A flurry of results from clinical trials of new HIV prevention strategies headline recent conference

By Andreas von Bubnoff and Alix Morris

Following on the heels of the STEP trial, which showed that Merck’s AIDS vaccine candidate (widely considered the most promising in clinical trials) was not effective, several other trials of novel HIV prevention methods have culminated.

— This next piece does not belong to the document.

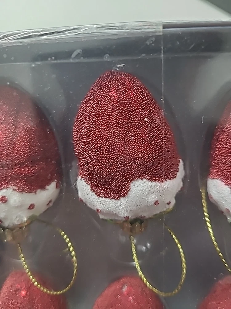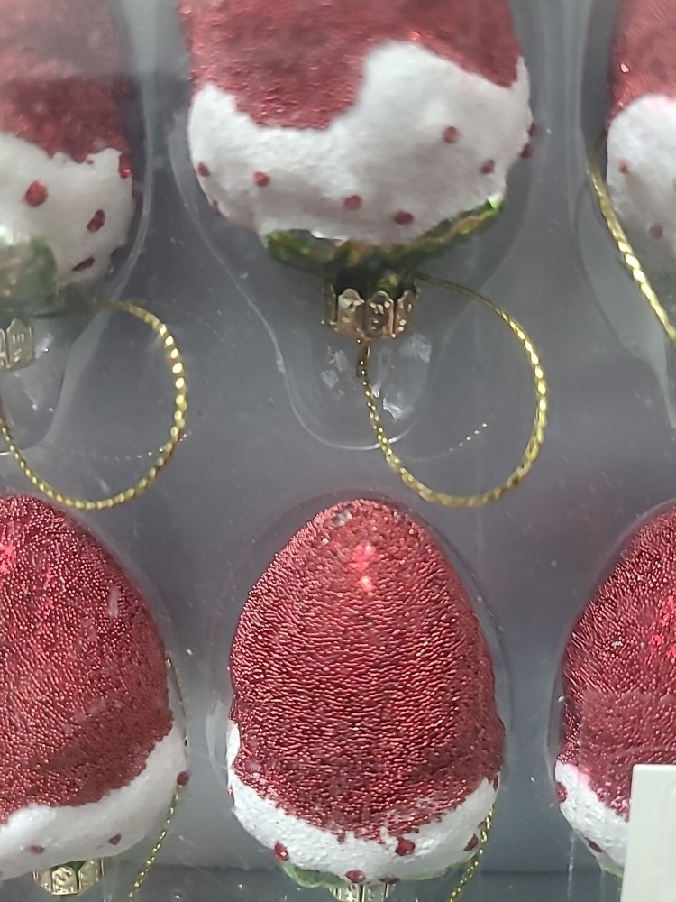 Add a vintage touch to your Christmas decor with this set of 6 handblown strawberry ornaments from Pier 1 Imports. These limited edition ornaments are artist designed and feature a retro style with a multicolor airbrush pattern. Each ornament is hand painted and embellished, making them a unique addition to your holiday decor. The set includes 6 strawberries, each measuring 1.5" in length and 2.25" in height. These handmade ornaments are made of high-quality handblown glass and are perfect for anyone looking to add a touch of vintage charm to their collection. Don't miss out on this original piece from Pier 1 Imports.

Unfortunately, many also ended with disappointing results.

The final data from two of these trials—one testing the effect of adult male circumcision on HIV transmission to women and another testing whether or not treatment of herpes simplex virus (HSV)-2, a common sexually-transmitted infection that causes genital warts, could reduce the risk of HIV infection—were presented at this year’s Conference on Retroviruses and Opportunistic Infections (CROI), held in Boston from February 3-6. Additionally, results from another circumcision study, which looked at the protective effect circumcision may offer against HSV-2 infection, were also presented.

Soon after, final results from the Phase III efficacy trial of a candidate microbicide gel known as Carraguard were released just prior to the opening of the Microbicides 2008 Meeting, which took place from February 24-27, in New Delhi, India. During the bi-annual conference, several updates on other trials and candidates were presented.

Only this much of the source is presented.